_Work to complete_
Exclude the images and repeat all remaining entries exactly.

--------------------------------

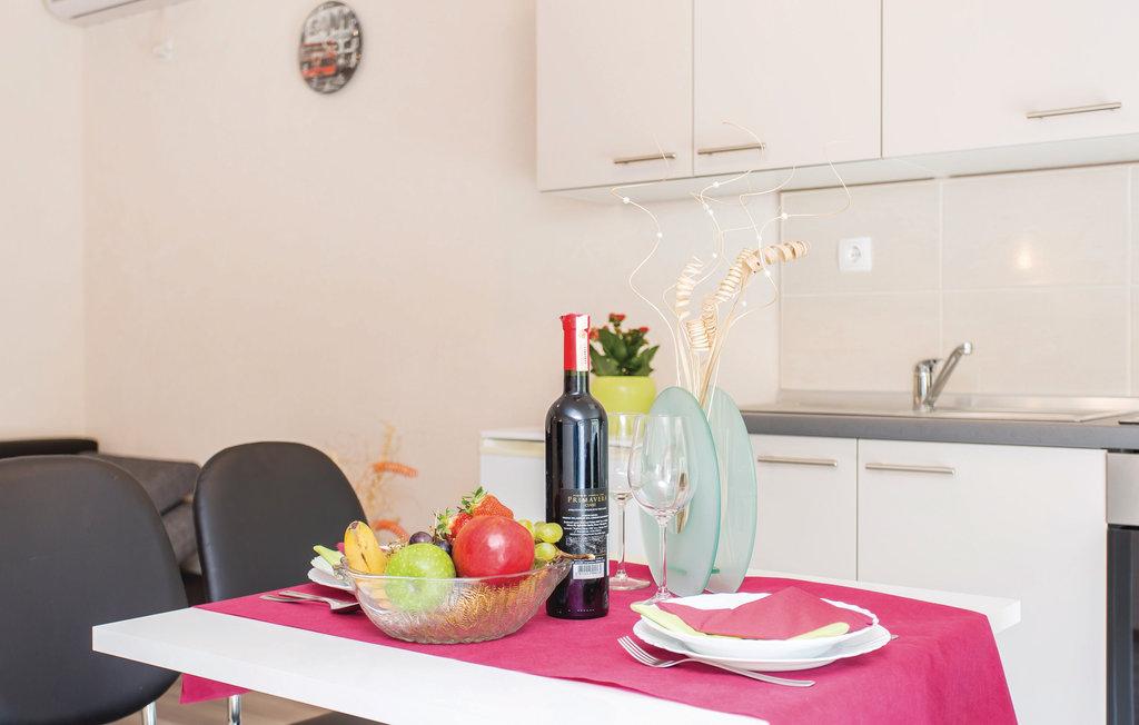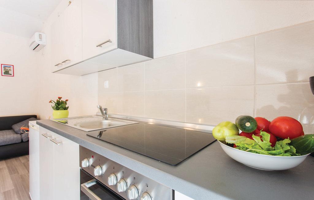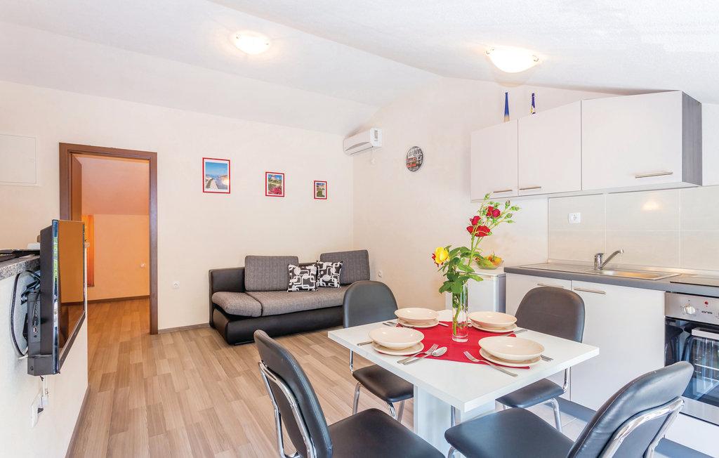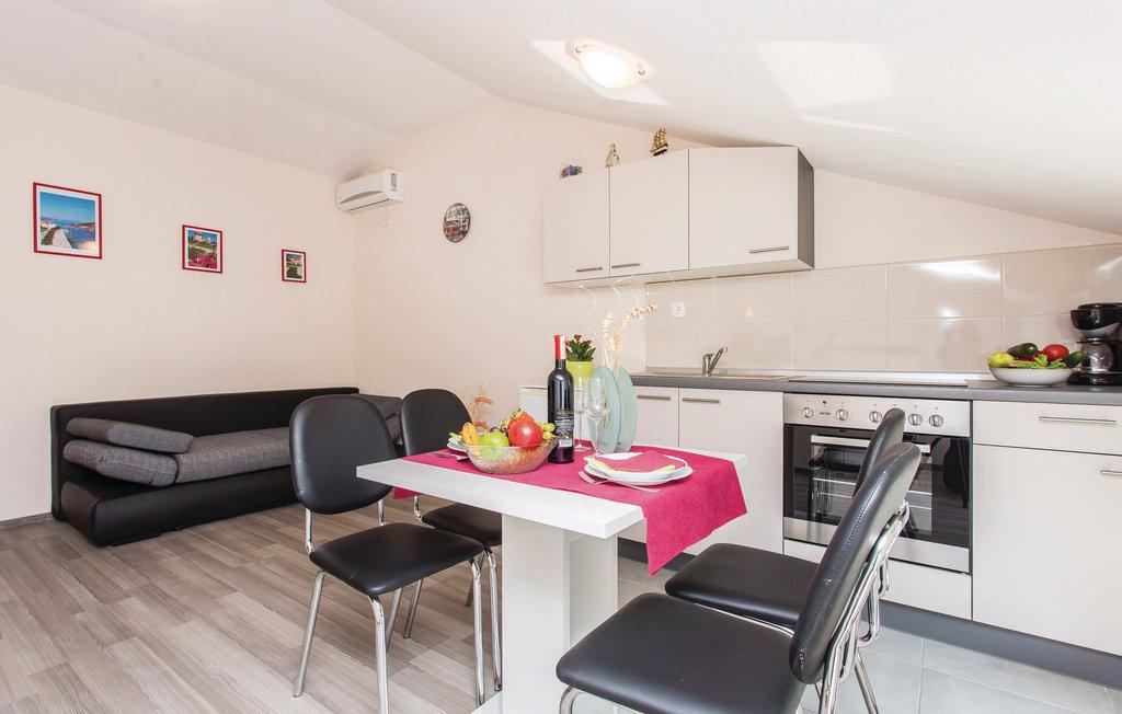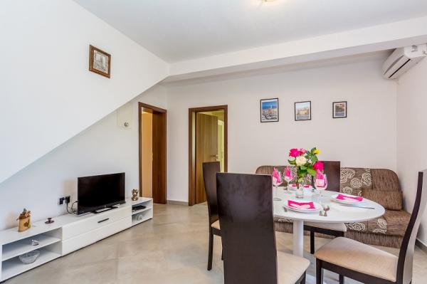 The apartment is in the top location for us with a dog. Outside the center and yet easily accessible by bike or car to the beach. Very friendly and warm hosts. The size of the apartment was also totally ok for us and we always love to come back. The apartment was very clean. Small well equipped kitchen. We also had air conditioning. The pool is cleaned every day. It was wonderful with the Besic family and we look forward to seeing you again.
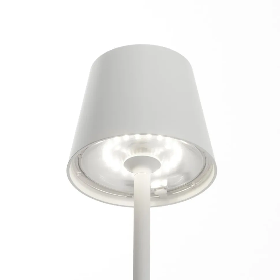 Poldina sætter lysakcenter, hvor der er brug for det, for takket være batteridrift giver den ca. 9 timers lys og kan takket være IP54-beskyttelse både indendørs og udendørs anbringes i blomsterpotter eller direkte i jorden. Opladning sker via USB-porten på undersiden af skærmen. LED’erne tændes og slukkes via touch-dæmpningskontakten på oversiden af lampen. Lysstyrken på lampen kan også reguleres efter ønske via denne kontakt, og det er muligt at skifte lysfarven mellem 2.700 K og 3.000 K.
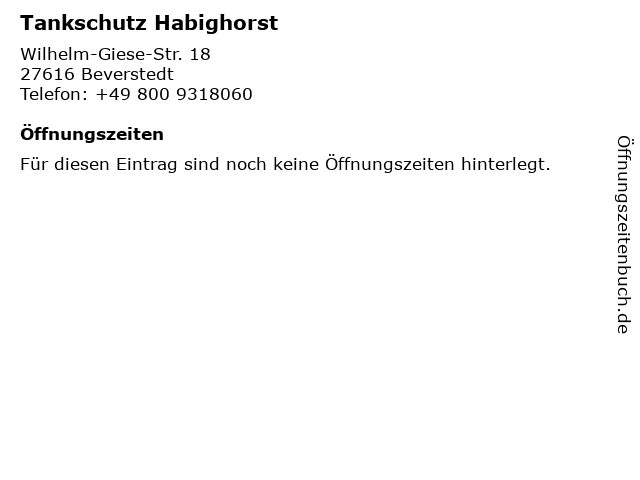 | Öffnungszeiten Tankschutz Habighorst in Beverstedt anzeigen | |
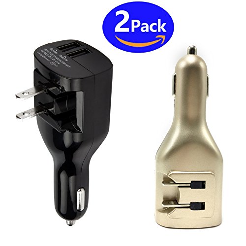 -. Feature : Dual USB Car Charger:Charge two devices at once with this All-in-One charging device. / All In One Design:Wall charger and car cigarette lighter charger all in one design, You can charge your phone tablets in the car or at home. / Portable: Dual USB Ports and with foldable plugs,handy size, easy to storage and carry,travel essential. / Safety: 2.1A outputs charger with overheated, overcurrent, transient overpressure protection prevent overcharging. You can talk and recharge at the same time. / Widely used: Standrd dual USB port 2.1A output for all phone,iPhone 6S/6/7/7Plus,Samsung Galaxy Series S7/S8 Edge,tablet and iPad kindle and more.
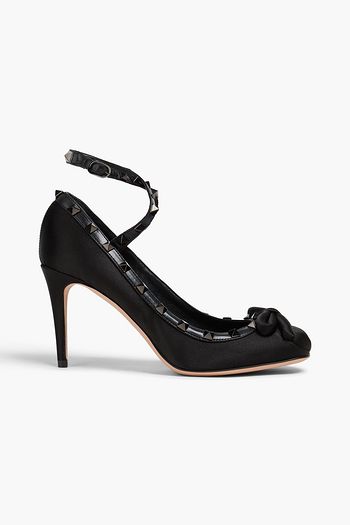 Rockstud Alcove mesh and patent-leather slingback pumps

--------------------------------

_Exercise result_
 The apartment is in the top location for us with a dog. Outside the center and yet easily accessible by bike or car to the beach. Very friendly and warm hosts. The size of the apartment was also totally ok for us and we always love to come back. The apartment was very clean. Small well equipped kitchen. We also had air conditioning. The pool is cleaned every day. It was wonderful with the Besic family and we look forward to seeing you again.
 Poldina sætter lysakcenter, hvor der er brug for det, for takket være batteridrift giver den ca. 9 timers lys og kan takket være IP54-beskyttelse både indendørs og udendørs anbringes i blomsterpotter eller direkte i jorden. Opladning sker via USB-porten på undersiden af skærmen. LED’erne tændes og slukkes via touch-dæmpningskontakten på oversiden af lampen. Lysstyrken på lampen kan også reguleres efter ønske via denne kontakt, og det er muligt at skifte lysfarven mellem 2.700 K og 3.000 K.
 | Öffnungszeiten Tankschutz Habighorst in Beverstedt anzeigen | |
 -. Feature : Dual USB Car Charger:Charge two devices at once with this All-in-One charging device. / All In One Design:Wall charger and car cigarette lighter charger all in one design, You can charge your phone tablets in the car or at home. / Portable: Dual USB Ports and with foldable plugs,handy size, easy to storage and carry,travel essential. / Safety: 2.1A outputs charger with overheated, overcurrent, transient overpressure protection prevent overcharging. You can talk and recharge at the same time. / Widely used: Standrd dual USB port 2.1A output for all phone,iPhone 6S/6/7/7Plus,Samsung Galaxy Series S7/S8 Edge,tablet and iPad kindle and more.
 Rockstud Alcove mesh and patent-leather slingback pumps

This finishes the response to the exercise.